Some Desperate Glory

After they settle down for the night, Archer uses a hypospray on Degra and then leaves the shuttle—

—which turns out to be inside Enterprise. It’s not three years later. A flashback informs us that three days earlier, Enterprise returned to the test site from last episode and found Degra’s ship. They incapacitate it and take Degra and his two crew prisoner. The prisoners aren’t talking, and Degra ordered all data deleted from his ship’s computer before the Enterprise crew boarded. Sato manages to retrieve a few things, including a letter from Degra to his family.

Phlox says that, based on his examination of Xindi brain chemistry from the various Xindi he’s been able to examine (including the three prisoners), he can erase their short-term memory. This prompts a notion in Archer. Tucker builds a flight simulator around a modified shuttlepod, Phlox stimulates the hair growth of both Archer and Degra, creates the tattoos, and injects a Regulan bloodworm (which is harmless) into Degra. The MACOs provide a subcutaneous communicator so they can talk to Archer without Degra knowing. T’Pol helps Archer create a backstory for the pair of them, based on what they know about the Xindi.

They also have to leave the test site area, as the residual radiation from the weapons test is starting to affect Enterprise’s systems.

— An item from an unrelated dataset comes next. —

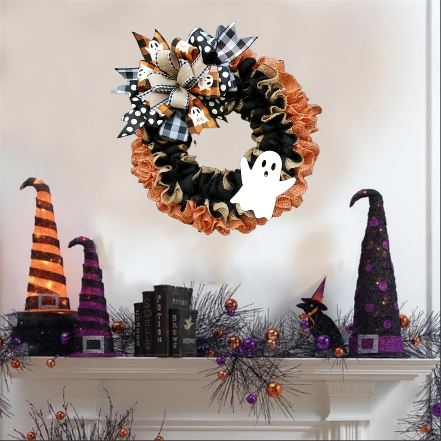 Abbraccia Halloween e crea scene con la nostra ghirlanda fatta a mano; non è solo una decorazione, questo è un accessorio di dichiarazione che incarna la sostanza della stagione Realizzata con lino e una robusta tavola di legno, questa ghirlanda mostra una figura spettrale agghiacciante accentuata da un fiocco, assicurando che resista alla stagione più spettrale anno dopo anno Adatta per gli appassionati di Halloween e coloro che si dedicano all'ambiente inquietante, questa ghirlanda è essenziale per le famiglie che cercano di aggiungere un tocco di fascino inquietante ai loro decori per le vacanze Trasforma la casa in una copertura ossessionante con la nostra ghirlanda di spettro di Halloween, centrotavola inquietanti ma eleganti che promettono di diventare il tema del quartiere Adatta per decorare la tua festa di Halloween, questa inquietante ghirlanda da parete decora il palco per una serata di tutti i doni in qualsiasi ambiente interno o esterno riparato

Mayweather jostles the shuttle around when the sedative wears off on Degra, and Archer tells him that they’re flying through an anomaly. The shuttle they “stole” isn’t lined with trellium-D, so they’re vulnerable to the anomalies. They’re stuck in place, as they can’t risk moving forward with this many anomalies around. This convinces Degra to send out a distress call.

Reed reports to T’Pol that there’s a Xindi ship on approach, about six hours away. Given that the Xindi have superior sensors, T’Pol orders Reed to take them back into the radiation-filled test site area.

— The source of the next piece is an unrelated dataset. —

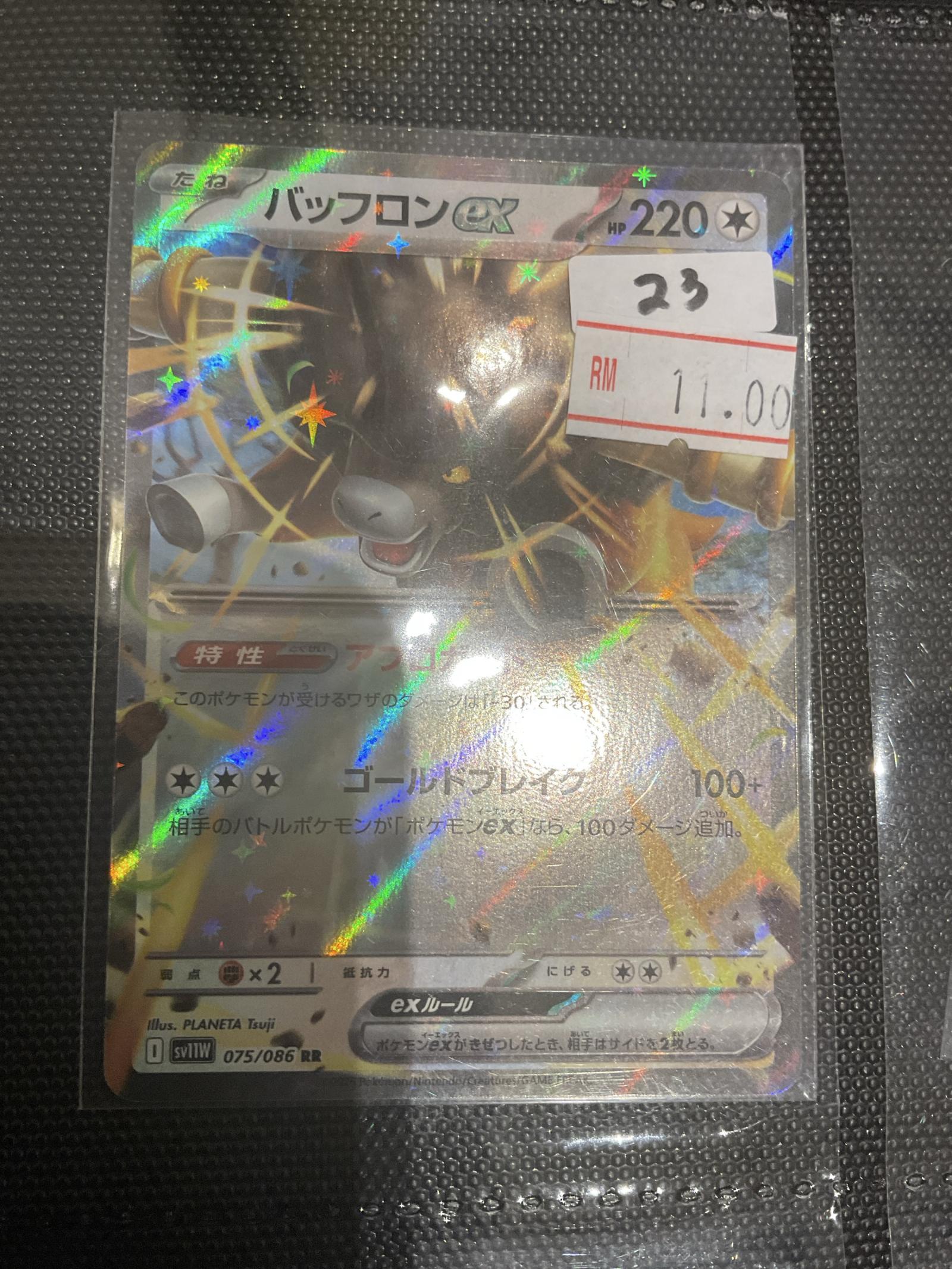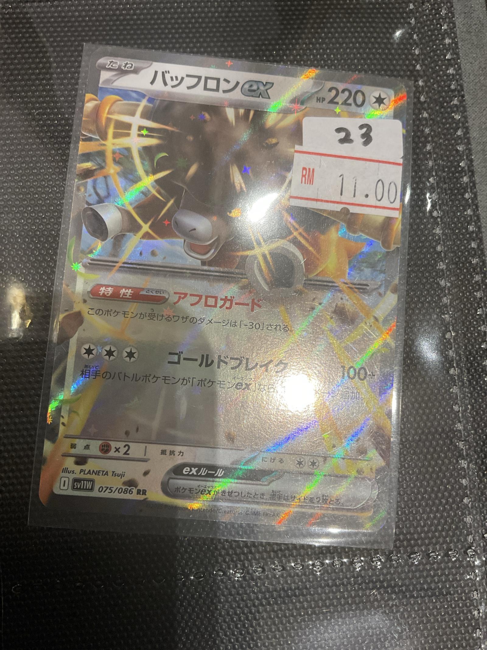 Japanese Buffalon EX card (075/086) from the Sword & Shield V (sv11W) set. Illustrated by PLANETA Tsuji. This is a reverse holo rare card. Playable in the current meta and features the EX mechanic. The card shows some shine effects with a foil finish.

Sato responds to Degra’s distress call, disguising her voice as that of Thalen, one of the other prisoners, saying that he’s safe on Azati Prime. (One of Degra’s letters to his family mentioned that he visited there recently.) Degra asks if his wife is still there, and Sato says yes. The communication line goes dead before Degra can ask any further questions, but Degra inputs the coordinates for Azati Prime into the navigation computer—and encrypts them, as he still doesn’t entirely trust Archer.

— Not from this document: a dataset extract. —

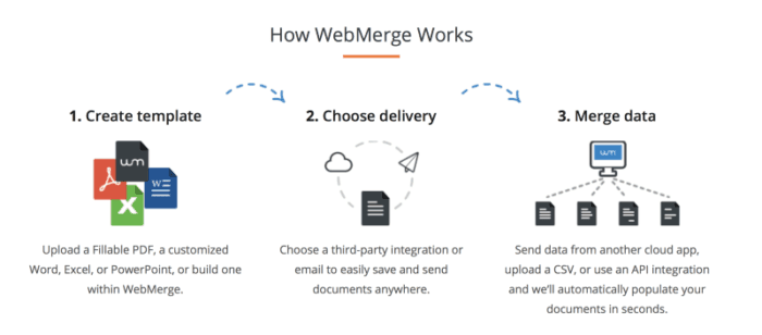 WebMerge is an online platform that allows you to easily collect data, populate a document and send it to where it needs to be.

However, T’Pol and Sato decrypt the coordinates and find that Azati Prime is a) in orbit of a red giant, so is likely the right spot (especially since Degra went to the trouble of encrypting) and b) three weeks away at maximum warp, so they’d better be damn sure it’s the right place.

The radiation in the test site messes with the simulator, and the image outside the window flickers. Degra sees this, and starts to quiz Archer, asking the names of his children. Sato feeds him that from the letter home, but then Degra asks which one is older. He hesitates—even though he’s got a 50-50 shot at guessing right—and that’s enough for Degra. Luckily, T’Pol and Sato are watching on a security camera and they’ve already warned Archer that Degra is about to attack him with a knife.

They put Degra back in the brig. They can’t do another simulation, not with that Xindi ship looking for them (and which will be searching for Degra once they discover he’s not there), and Tucker hasn’t been able to dope out the Xindi vortex technology. Archer asks for all his data on it.

Screenshot: CBS

We cut to Archer ordering T’Pol to engage. The ship starts to shake a lot. Archer goes to the brig and brings Degra and Thalen to Tucker. Archer says that they’ve adapted the vortex technology to their engines, but something’s gone wrong and Tucker needs help stabilizing it. Degra orders Thalen to do nothing. But then the ship stops shaking, and Tucker checks his console, discovering that Mayweather inverted the warp field, and that did the trick.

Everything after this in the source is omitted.